## EXERCISE
Exclude the pictures, then repeat exactly each line from the one containing "زنجیر چرخ خودرو" to the final line of the records that follow.

## SUPPLIED INFORMATION
---*---

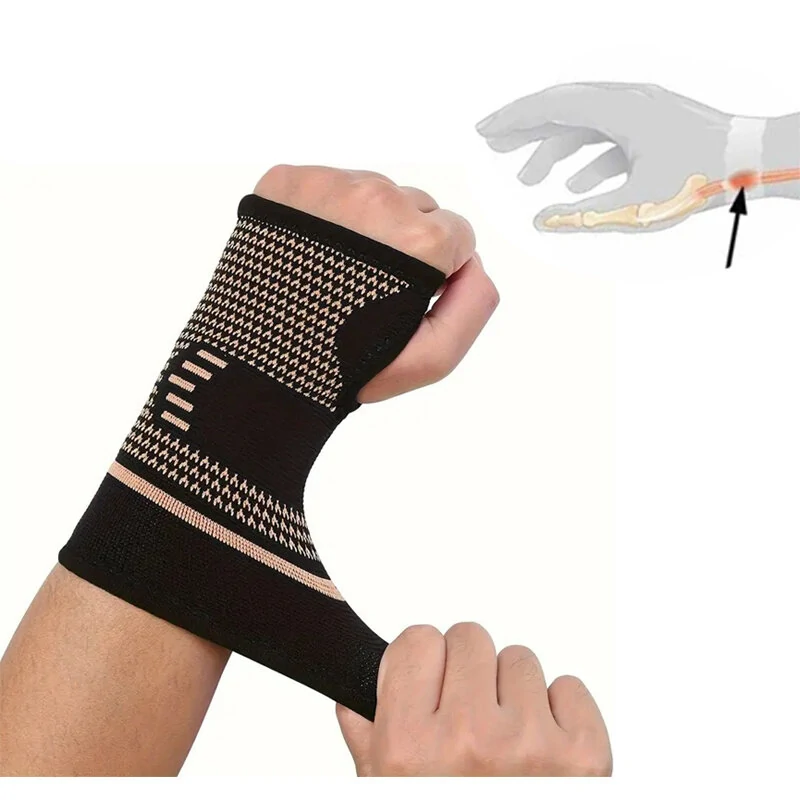 Specifications MaterialCopper Nylon 65 Spandex 15 Nylon 20 ConditionBrand NewHigh QualityBody PartHand WristGenderUnisexColorBlackSizeS 17 8 5cmM 17 9 5cmL 17 10 5cmQuantity1 pcs Features 1 Copper fiber knitting The handguard is made of high quality copper fiber knitting which provides excellent support and protection for sports activities 2 Effective wrist protection The wrist brace is designed to effectively protect the wrist from sprains and injuries during sports activities such as volleyball fitness and basketball 3 Comfortable to wear The handguard is made of soft and breathable material ensuring maximum comfort during sports activities 4 Copper ion technology The handguard contains copper ions which have antibacterial properties keeping the hands clean and hygienic during sports activities 5 Adjustable design The wrist brace is adjustable allowing for a customizable fit for different individuals Package includes 1 pcs Sports Wrist StrapNote Due to the different monitor and light effects the actual color of the item might be slightly different from the color shown on the pictures Thank you Please allow a 1 2cm measuring deviation due to manual measurement
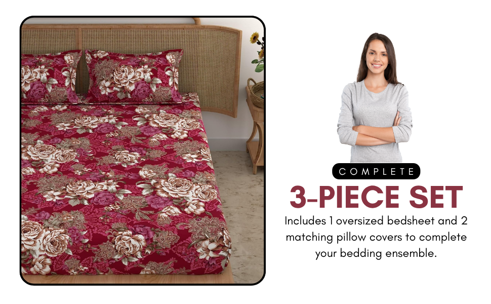 - Bedsheets for King Size Bed- The bedsheet (flat) measures 108 × 108 inches, perfectly accommodating standard king mattresses with ample drape. Two pillow covers (27 × 17 inches) are included for a coordinated bedroom look. This trusted Haus & Kinder set offers shrink‑resistant and fade‑resistant features, maintaining its vibrant patterns and fit through countless washes.
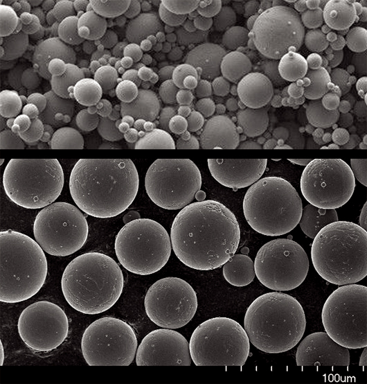 Ее средний размер, например для сплава ЭП648, близок к 30 мкм, что хорошо согласуется с нужной точностью дальнейшей SLM-печати. При этом выход годной фракции металлического порошка (размером 10–40 мкм, сферической формы, без посторонних включений) может быть доведен до уровня 50% и выше. Для этого требуется тщательная подготовка и предварительный разогрев газа-распылителя, стабилизация всех режимов работы атомайзера и т.п. Резервом производства остаются многочисленные прочие методы (и оборудование) для отсортировки нужных фракций порошка (Фото 7).
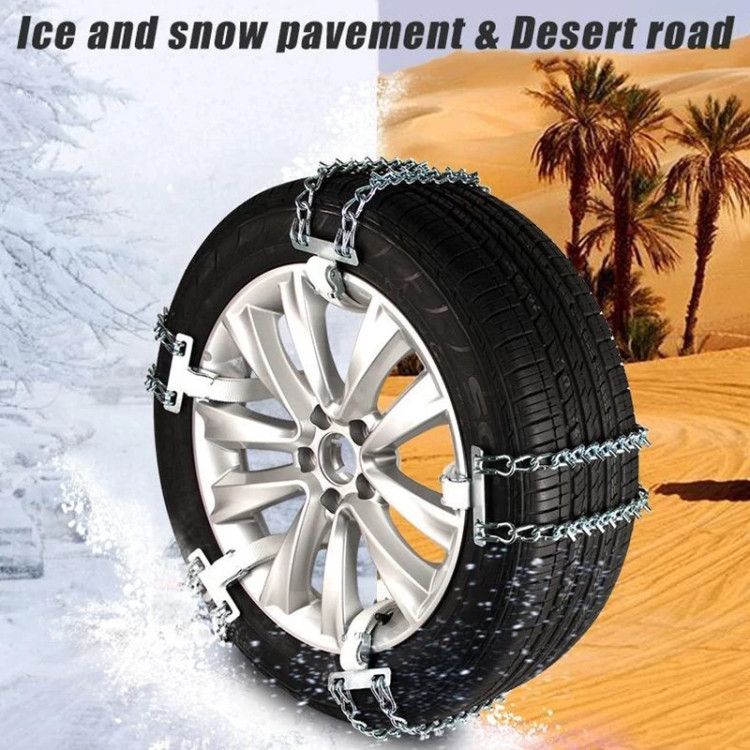 زنجیر چرخ خودرو یکی از ملزومات خودرو در فصول سرد سال میباشد. این زنجیر چرخ تایر خودرو را دربر میگیرد و مانع از لغزیدن آن روی یخ و برف و شن میشود، در شرایط آب و هوایی برفی و در محیطهای کویری شن امکان سهولت در رانندگی را برای شما فراهم می کند و با پوشش فلزی و یخشکن که بر روی لاستیک ایجاد میکند از لغزیدن خودرو بر روی برف و یخ نیز جلوگیری میکند و به سادگی بر روی تایر نصب است. بهراحتی روی تایرها نصب میشود و از این رو بههمراه داشتن آن در صندوق عقب خودرو در فصل سرما علاوه بر کارآمد بودن فضای زیادی از صندوق را اشغال نمیکند.
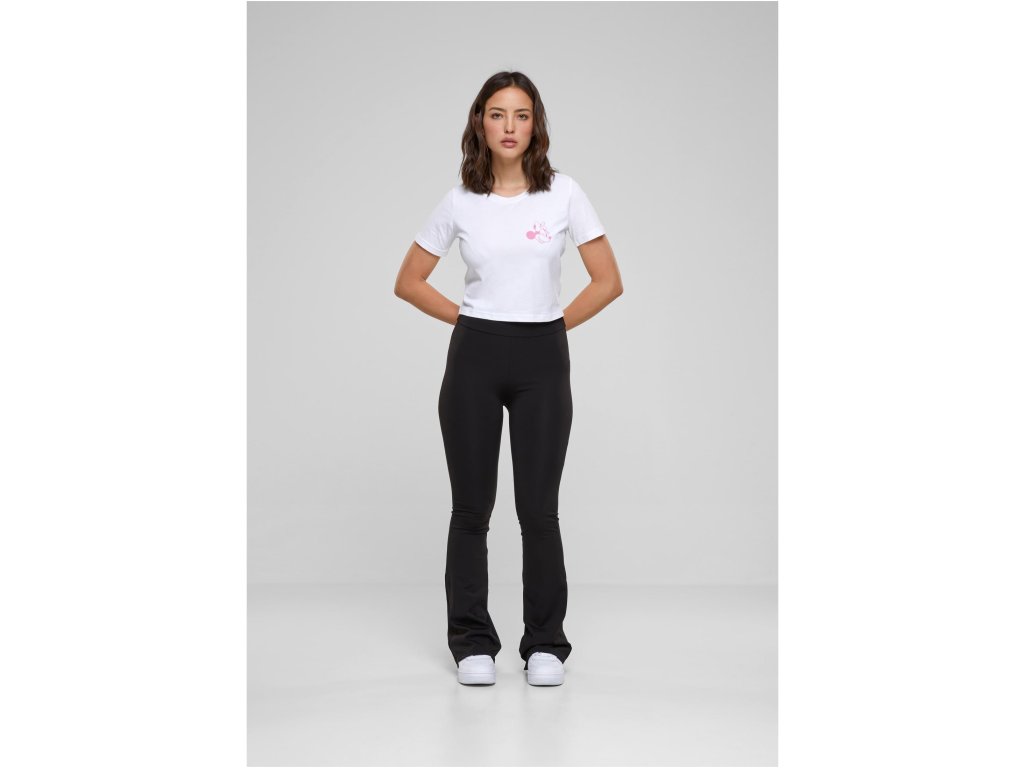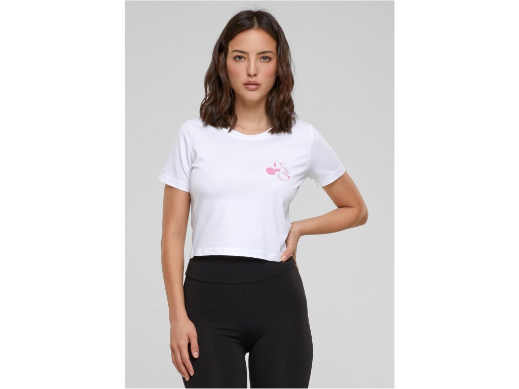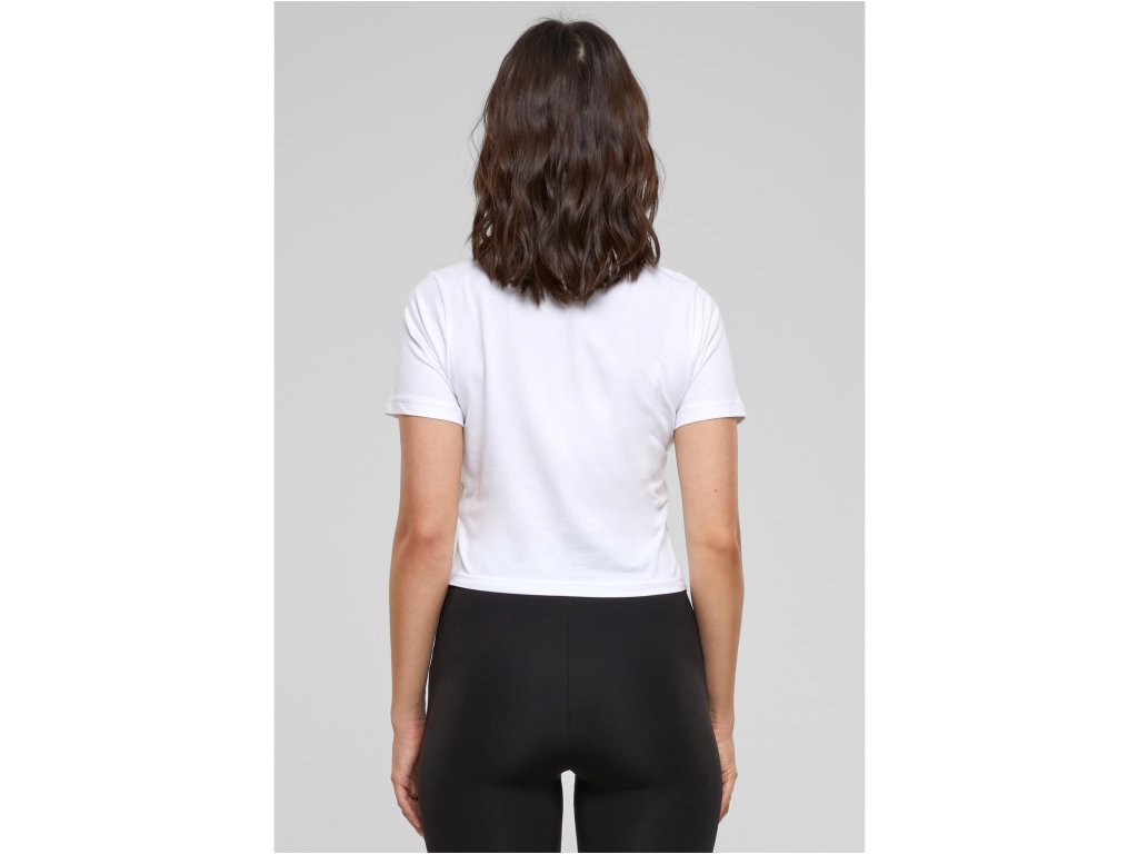 Bílé triko s krátkým rukávem s potiskem na hrudi.
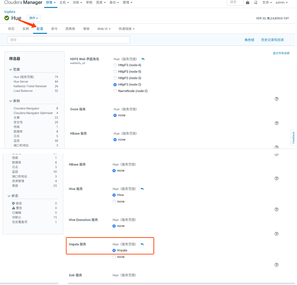 - 切换impla为hue的执行引擎,需要修改hue的配置,并且重启hue
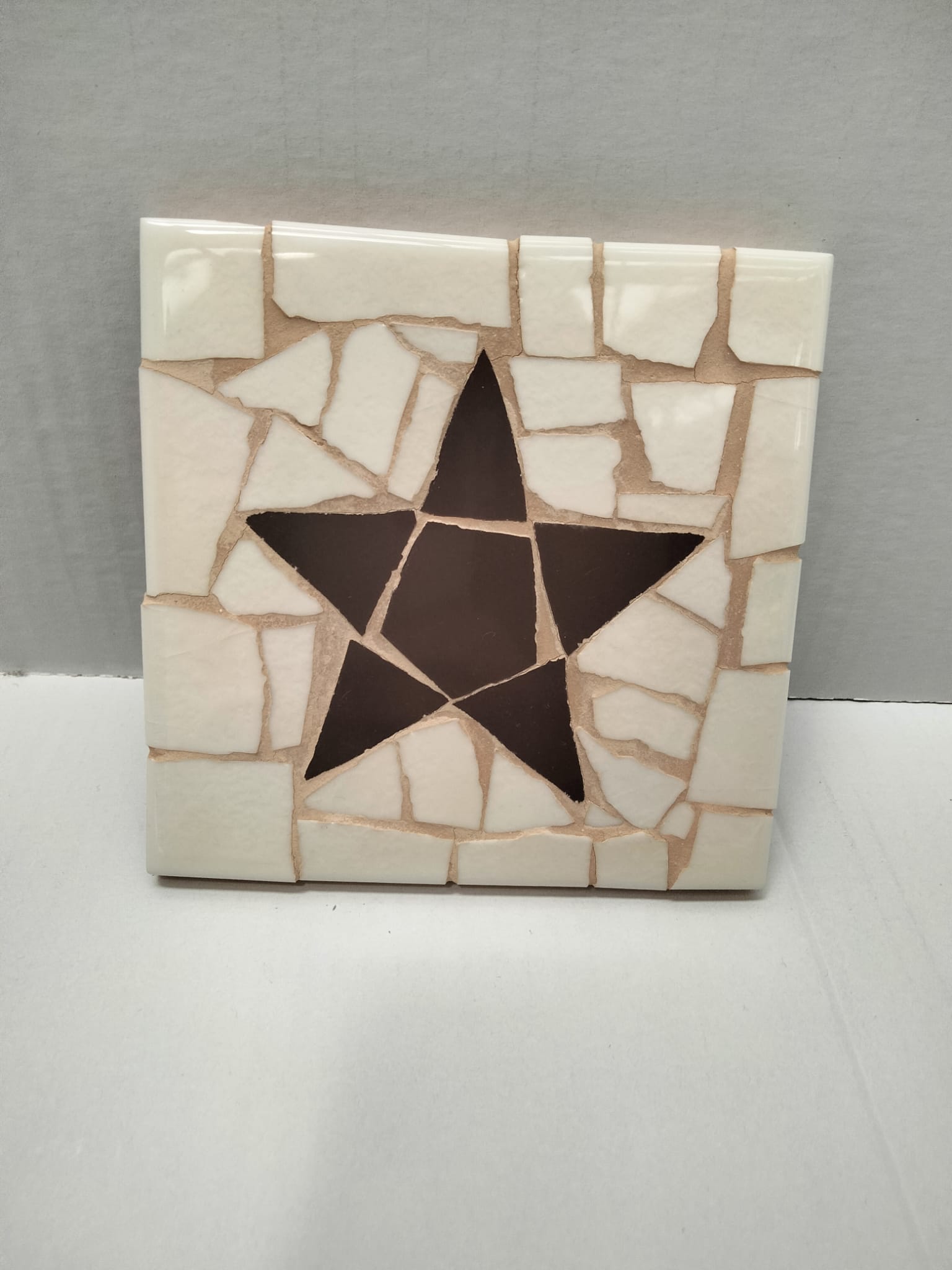 Menaje de trencadís con dibujo de estrella. Hecho a mano en nuestros talleres por los usuarios.
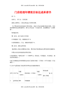 门店经理绩效目标达成合约书.docx
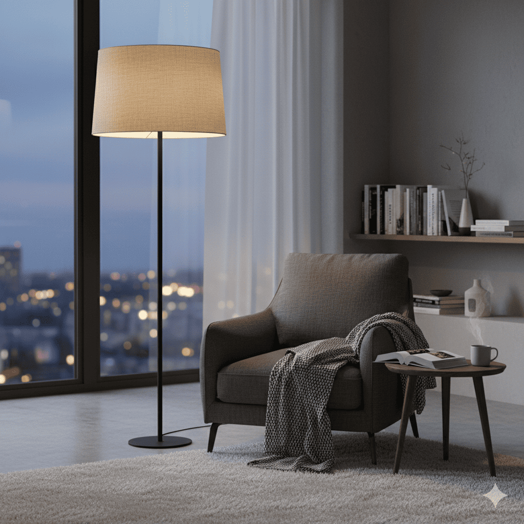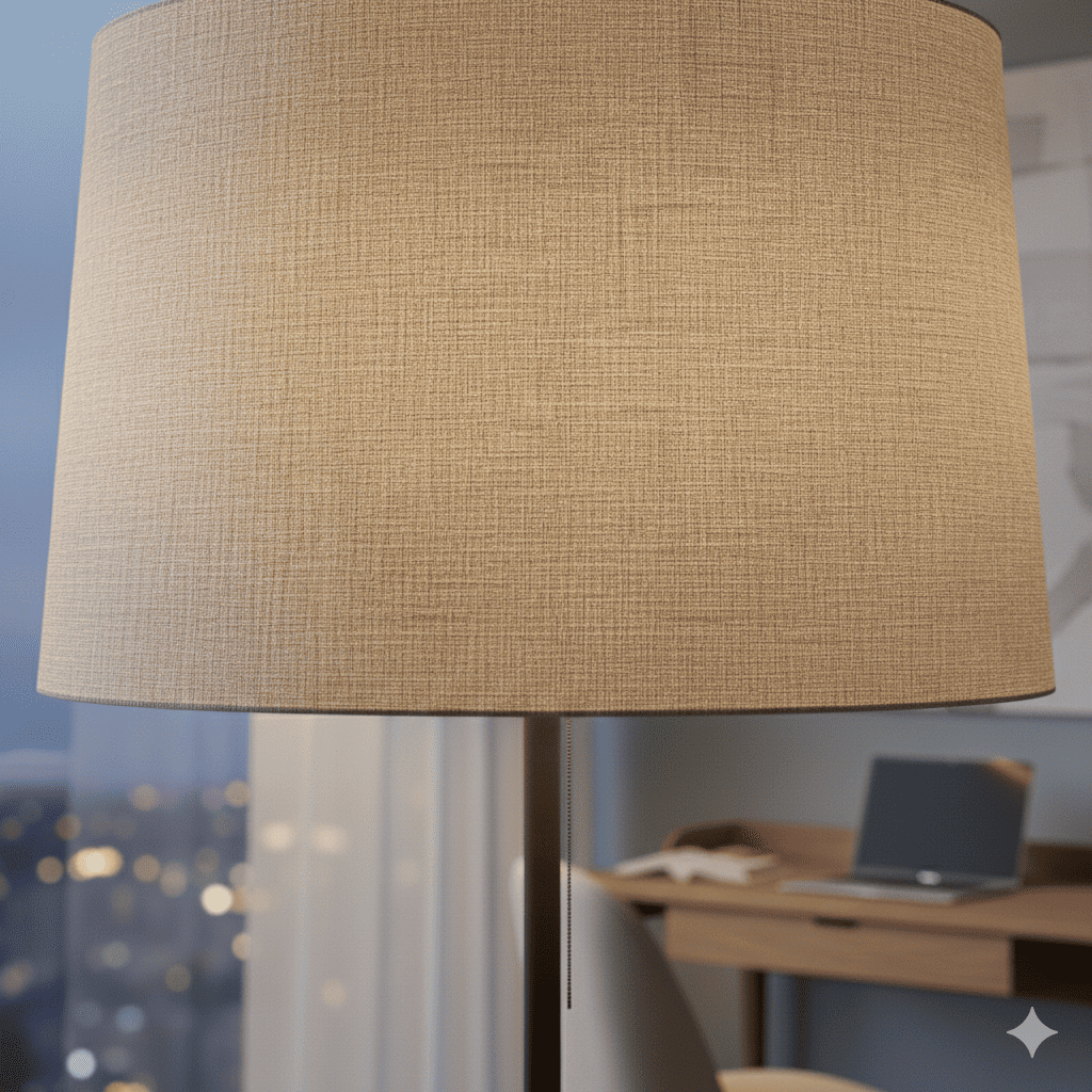 Lámpara de pie estilizada con base metálica negra y pantalla cilíndrica natural.

---*---

## RESPONSE TO THIS EXERCISE
 زنجیر چرخ خودرو یکی از ملزومات خودرو در فصول سرد سال میباشد. این زنجیر چرخ تایر خودرو را دربر میگیرد و مانع از لغزیدن آن روی یخ و برف و شن میشود، در شرایط آب و هوایی برفی و در محیطهای کویری شن امکان سهولت در رانندگی را برای شما فراهم می کند و با پوشش فلزی و یخشکن که بر روی لاستیک ایجاد میکند از لغزیدن خودرو بر روی برف و یخ نیز جلوگیری میکند و به سادگی بر روی تایر نصب است. بهراحتی روی تایرها نصب میشود و از این رو بههمراه داشتن آن در صندوق عقب خودرو در فصل سرما علاوه بر کارآمد بودن فضای زیادی از صندوق را اشغال نمیکند.
 Bílé triko s krátkým rukávem s potiskem na hrudi.
 - 切换impla为hue的执行引擎,需要修改hue的配置,并且重启hue
 Menaje de trencadís con dibujo de estrella. Hecho a mano en nuestros talleres por los usuarios.
 门店经理绩效目标达成合约书.docx
 Lámpara de pie estilizada con base metálica negra y pantalla cilíndrica natural.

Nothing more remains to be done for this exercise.